I used to use Microsoft Visual Studio a lot for many years and I wrote many programs in it, some of which dealt with intense engineering design and testing. I was aware that Visual Studio (VS) is a cripple that did things for me fast. It is called a Rapid Application Development environment because it is that. But, I wanted more control over my code and I did not want to have to guess that the VS cripples were doing as I desired. I had to see the actual code. I had to be the one that coded it in.

Thus, when I retired, I stopped using Visual Studio and jumped directly into intermediate to advanced C++11. I studied available IDEs and available compilers and chose Code::Blocks 17.12 with MinGW and GCC 5.1 for its stability and usability. I rejected wxWidgets which comes with CodeBlocks since it (in my opinion) is just another cripple for RAD similar to VS and I did not want it.

A RAD is great if you are in a desperate hurry. I am retired and I can now program in C and C++ all day and all night if I like.

For the first few months, I was using Bjorne's books and studying there. I have not needed to use those except rarely since then.

C and C++ is so much better than what I had used before.

About 2 years later, I can now code in a large program that does more and is more cross-platform adjustable via the IDE (Code::Blocks 17.12) than I did before.

This article (yea, they told me to call it a "Tip", but it really is an article) addresses a realized need (to some extent) to use Unicode. Unicode is vast. Its potential is vast. When I left the limitations of Visual Studio, I also separately left the limitations of ANSII and now my code is in C and C++ and I can now actually program in Unicode (yes, I now can whether you understand that or not) and my interface is in Unicode. This does not tell all about the use of Unicode in C and C++, but it does give a working example that is to a great extent backward compatible and forward compatible. Read the limits that I disclose herein and enjoy.

Problems getting here:

Many people have a disgusting and perverted attitude against anything prevous, like Microsoft Windows' previous versions older than they personally are using, and they berate any and all that do not worship what is being advertised by marketers as "modern".

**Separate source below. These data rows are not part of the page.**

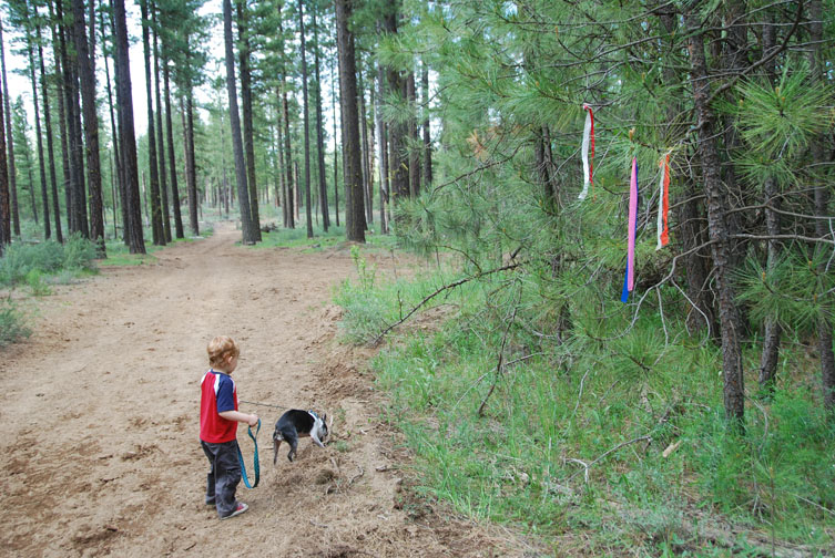 We headed down The Trail, so I could show Levi the way I had ridden out that morning. He was excited to see everything. He wanted to hold Missy's leash, and she kept stepping over it, so it was slow going as he wanted to untangle her every time it happened. I pointed out the flowers and had time to take in all the scenery that I was too excited to see earlier in the day.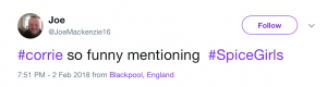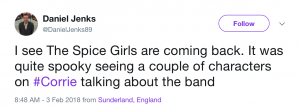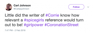 Viewers are convinced that Coronation Street writers must have a sixth sense after a number of timely references were made to the 90s girl band in tonight’s visit to the cobbles.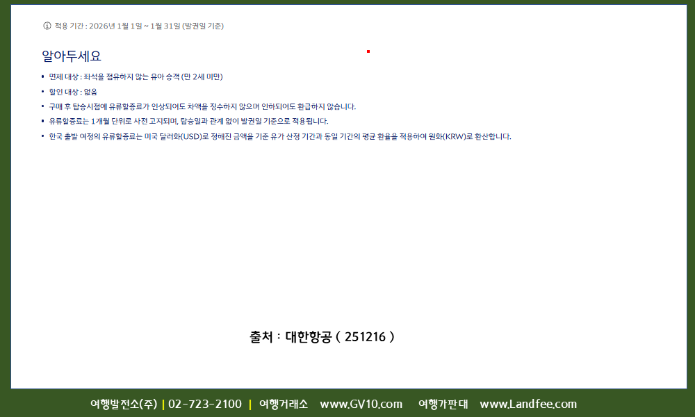 [KE/OZ] 2026년 1월 발권 국제선 유류할증료 안내 ( 26년 1/1 발권부터 적용 ) - 25년 12/16 현재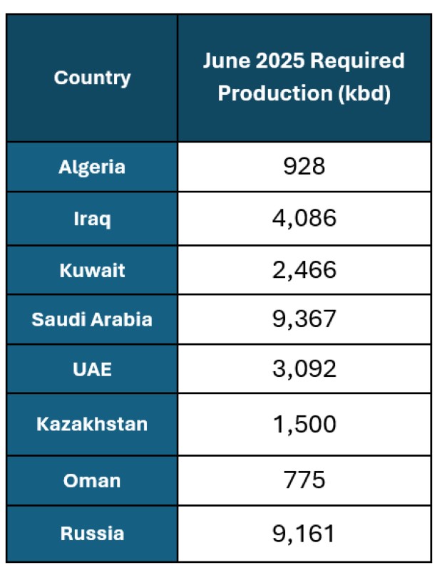 أقرت السعودية وروسيا والعراق والإمارات والكويت وكازاخستان والجزائر وعُمان خلال اجتماع أوبك+ اليوم زيادة في الإنتاج تبلغ 411 ألف برميل يومياً في يونيو.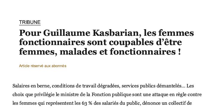 Tribune parue dans Libé : Pour Guillaume Kasbarian, les femmes fonctionnaires sont coupables d’être femmes, malades et fonctionnaires !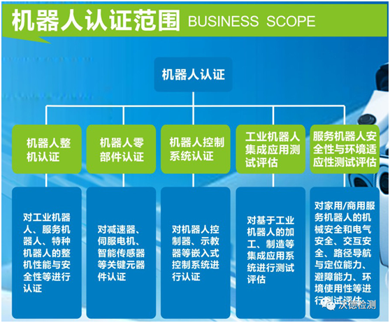 沃德檢測擁有專業的技術團隊,主要認證項目有:機器人CR,中國CCC、SRRC、CTA,歐盟CE、ROHS、REACH、美國UL、ETL、韓國KC、體系ISO9001、ISO14001以及機器人性能測試(GB12642 & ISO9283)等等,歡迎來電咨詢。

Microsoft has many problems with hard-coded C and C++ doing Unicode stuff. I understand. Microsoft, in the past, created lots of "code pages" in which they seem to have hard coded Unicode symbols to force their operating system to work with Unicode before C and C++ was developed enough to program sufficiently with it in mind. I get it. Microsoft did a great job of forcing their operating systems to be compatible with Unicode. But, Microsoft does not seem to have gotten beyond that. They still own the market, so to say, but they need to deal with that limitation and at the same time, be backward compatible. Maybe Bjorne can be hired for some astronomical price to help them.

Code::Blocks does not guess and suggest like Visual Studio did, but that is fine with me. It took some getting used to, but I like it, I like it a lot.

The biggest problem has been that the committee that stamps its approval on Bjorne's versions of C++ seems to have been overwhelmed by Unicode and thus has precipitated a lack of compiler development in that direction.

For these problems, I have and I do and I will get past them and my code will work for me as I desire.

Using the Code

I retain all of my rights for this article.
I proclaim this to be an open source article.
Codeproject.com now has rights to this article as they have chosen to publish it on their site.

The following sets up some basics (not all) that encapsulate or address the code that I am allowing you to see.

This was done on Microsoft Windows XP Professional 32 bit with service pack 2 (certainly not 3).

Using Code::Blocks 17.12 with MinGW with GCC 5.1 set for C++11.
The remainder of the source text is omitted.